Availability Tactics
Availability is the ability of a system to mask, detect, repair, or recover from faults. Many availability tactics start with the same problem: before a system can recover from a failed component, it has to notice the failure.
Ping-Echo
Goal: detect that a component, process, node, or service has stopped responding before the fault escalates into a visible failure.
Solution: a watchdog periodically sends an asynchronous request, the ping, to each monitored component. A healthy component replies with an echo.

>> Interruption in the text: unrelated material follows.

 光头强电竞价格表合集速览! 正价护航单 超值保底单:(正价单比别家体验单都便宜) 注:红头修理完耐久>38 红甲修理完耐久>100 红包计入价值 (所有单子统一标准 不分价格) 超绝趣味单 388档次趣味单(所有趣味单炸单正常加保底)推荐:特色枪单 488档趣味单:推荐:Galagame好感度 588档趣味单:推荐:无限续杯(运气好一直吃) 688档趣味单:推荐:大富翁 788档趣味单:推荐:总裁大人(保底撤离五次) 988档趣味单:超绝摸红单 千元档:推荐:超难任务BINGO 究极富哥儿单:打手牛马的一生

If the watchdog does not receive the echo before a timeout, it activates a recovery mechanism, such as restarting the component, routing around it, or starting a replacement instance.
Quality impact:
Promotes availability: the system can detect failed components and trigger recovery.

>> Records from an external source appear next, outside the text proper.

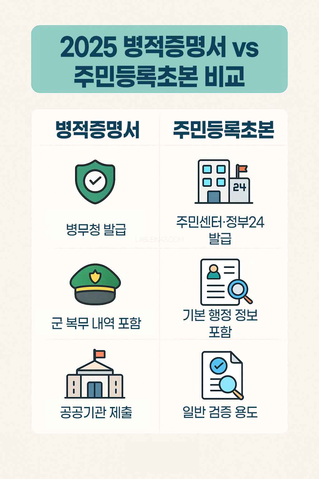 병적증명서와 주민등록 초본 차이를 비교한 이미지.
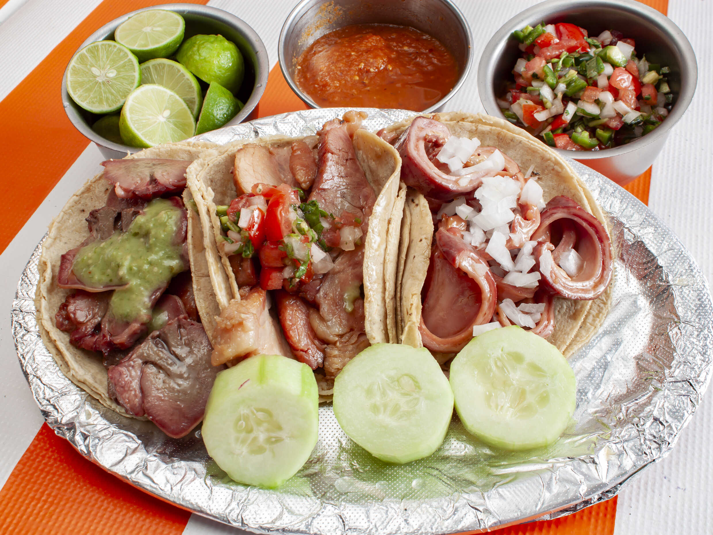 3 Tacos de surtida (surtida económica: está mezcla trae todas las piezas a la misma proporción excepto costilla y nana), incluye 1 refresco de 360 ml.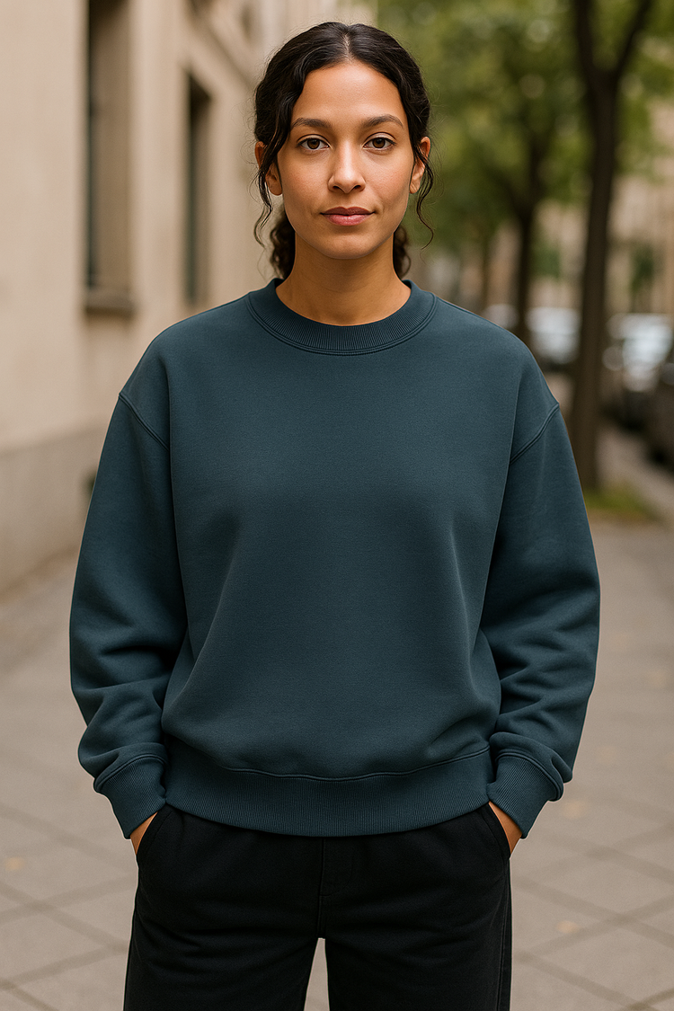 Ein Sweater, der Haltung zeigt – clean, stark, kompromisslos. Der genderneutrale Influence Sweater ist gemacht für alle, die es schlicht, hochwertig und authentisch mögen. In der Farbe Deep Teal, einem tiefen Blaugrün mit edlem Matt-Finish, wirkt er gleichzeitig ruhig und rebellisch – perfekt für deinen individuellen Print im Style Selector. Der feste Stoff fühlt sich robust an, die angeraute Fleece-Innenseite sorgt für weichen Tragekomfort. Kein Label, kein Schnickschnack – nur pure Rebel Energy.

Inhibits performance: pings and echoes consume network bandwidth, processing cycles, and queue capacity.
Simplifies monitored components: most of the logic lives in the watchdog; a monitored component only needs to answer the ping.
Ping-echo is a good fit when the watchdog controls the monitoring schedule and when the extra request-response traffic is acceptable.
Heartbeat
Goal: detect that a component, process, node, or service has stopped working.
Solution: each monitored component periodically sends a heartbeat message to a watchdog. If the watchdog does not receive a heartbeat before a timeout, it activates recovery.
Quality impact:
Promotes availability: the system can infer failure from silence.
Inhibits performance: heartbeat messages consume resources, though usually fewer messages than ping-echo because there is no request-response pair.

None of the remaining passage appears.